The NHS 10 Year Plan – some great leaps forward, but there’s something obvious missing…
It may sound very Stalinist, but actually, a 10 year plan for the NHS is very welcome. It has gone through an enormous amount of change in the last ten years following the Lansley reforms and I’m guessing health care professionals might be looking forward to being able to do their jobs with some consistency rather than living under a permanent revolution (though is moving from Trotsky to Stalin a positive step?!).
There is a lot in the plan for older people to be pleased and hopeful about.
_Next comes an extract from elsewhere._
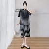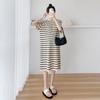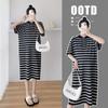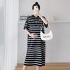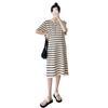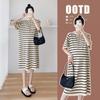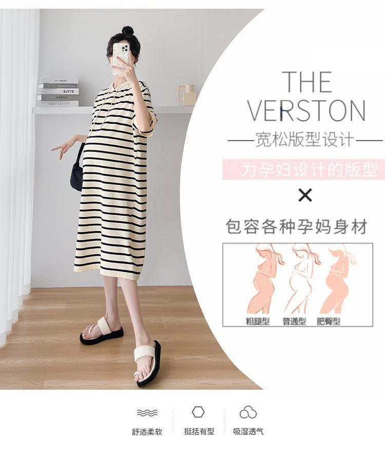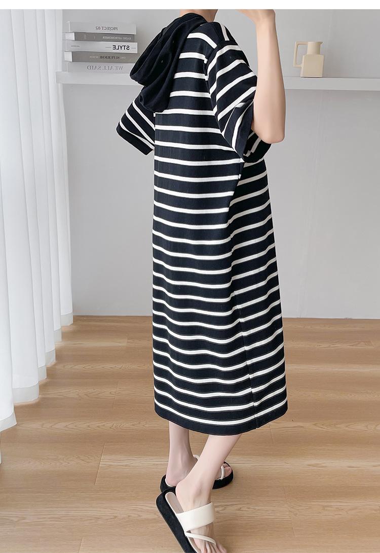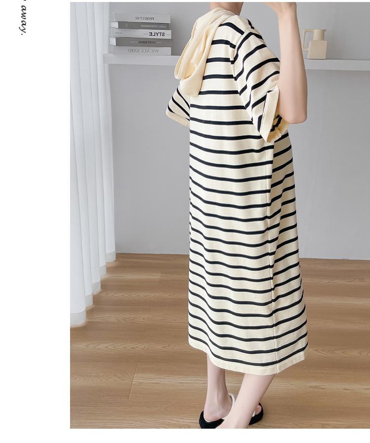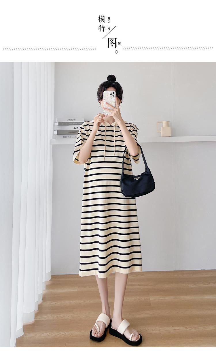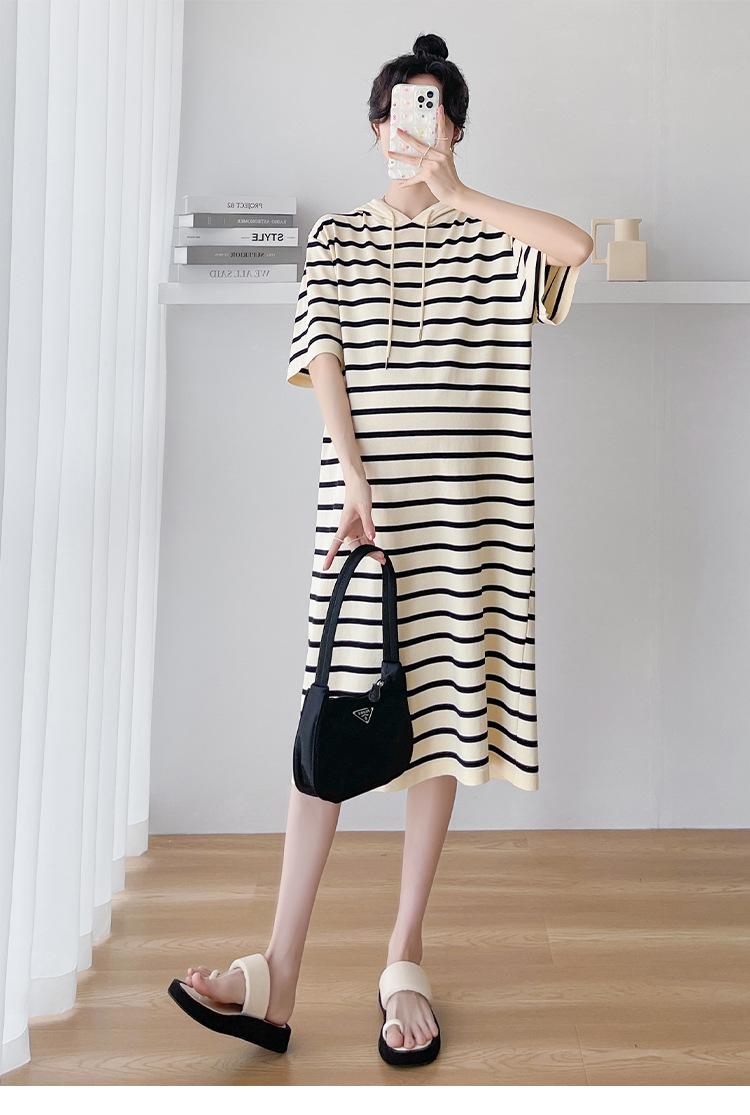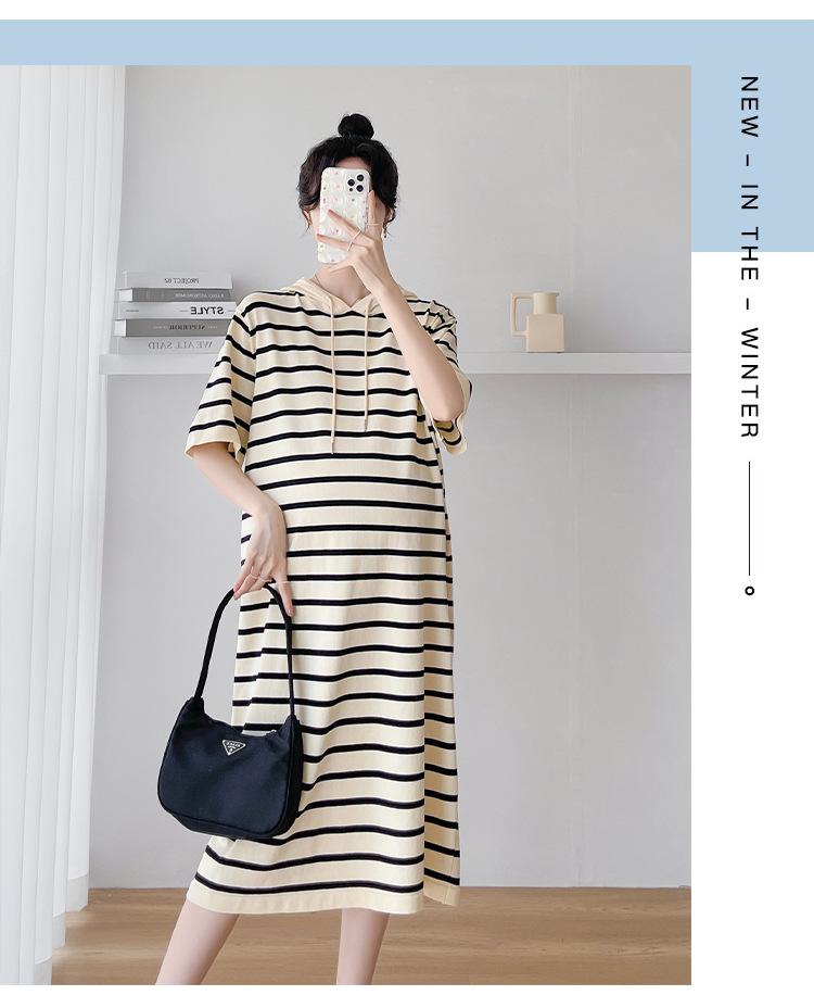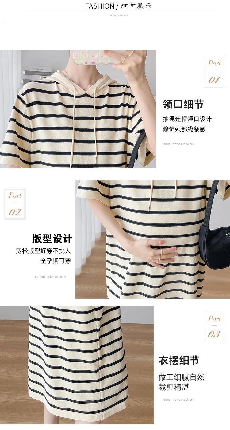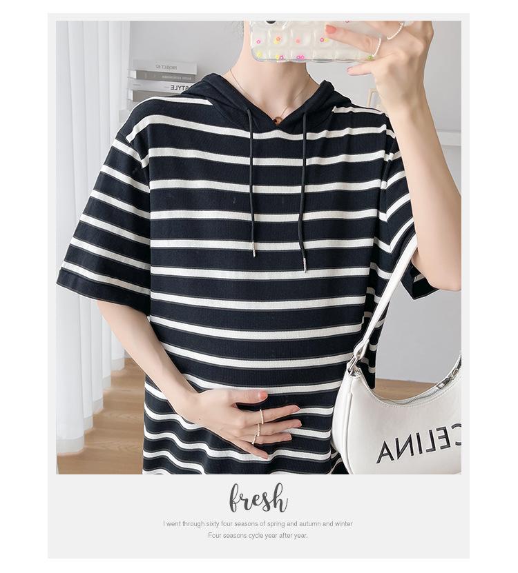 Ropa de Maternidad 2025 Verano Nuevo Talla Grande Rayado con Capucha Seda Helada Suelto Adelgazante Vestido Midi

The first thing for me is the continuing emphasis that health and social care complement each other. Local Age UKs in London will see examples every day where, for example, helping with a welfare benefits check or arranging a befriender means that an older person is better able to look after their own health or deal with long-term conditions. Similarly, early and appropriate treatment of medical can mean that older people are more able to enjoy their lives and be part of their community.
Prevention is key theme of the Plan, although it focuses specifically on 5 areas – smoking, obesity, alcohol, air pollution and anti-microbial resistance. But even this is a huge step forward in challenging the “treatment” model that the NHS is built on – dealing with what the patient presents as a problem. It also talks about individuals playing their part in achieving health outcomes, which is also welcome. The NHS needs to work “with” patients not “on” them.
The emphasis on care in the home is good news – the last thing older people need is to be in and out of hospital, with all the physical and emotional upset that causes. Obviously there are conditions and procedures that will need hospital admission, but the idea that the NHS should actively work to keep people away from hospital and receive care in a more appropriate setting is another cultural shift that will benefit older people.
The Plan outlines how some of this will be achieved, mostly through the better use of technology. The technology for (for example) online consultations with GPs has been around for some time – now it can be put to good use. The issue for older people here is not their capacity to engage with technology – in general if it is introduced in the right way with good support, older people are more than happy to use technology. Where it becomes an issue is where older people cannot access the internet due to poverty or other circumstances, and where their conditions mean that learning something new is way down their list of importance.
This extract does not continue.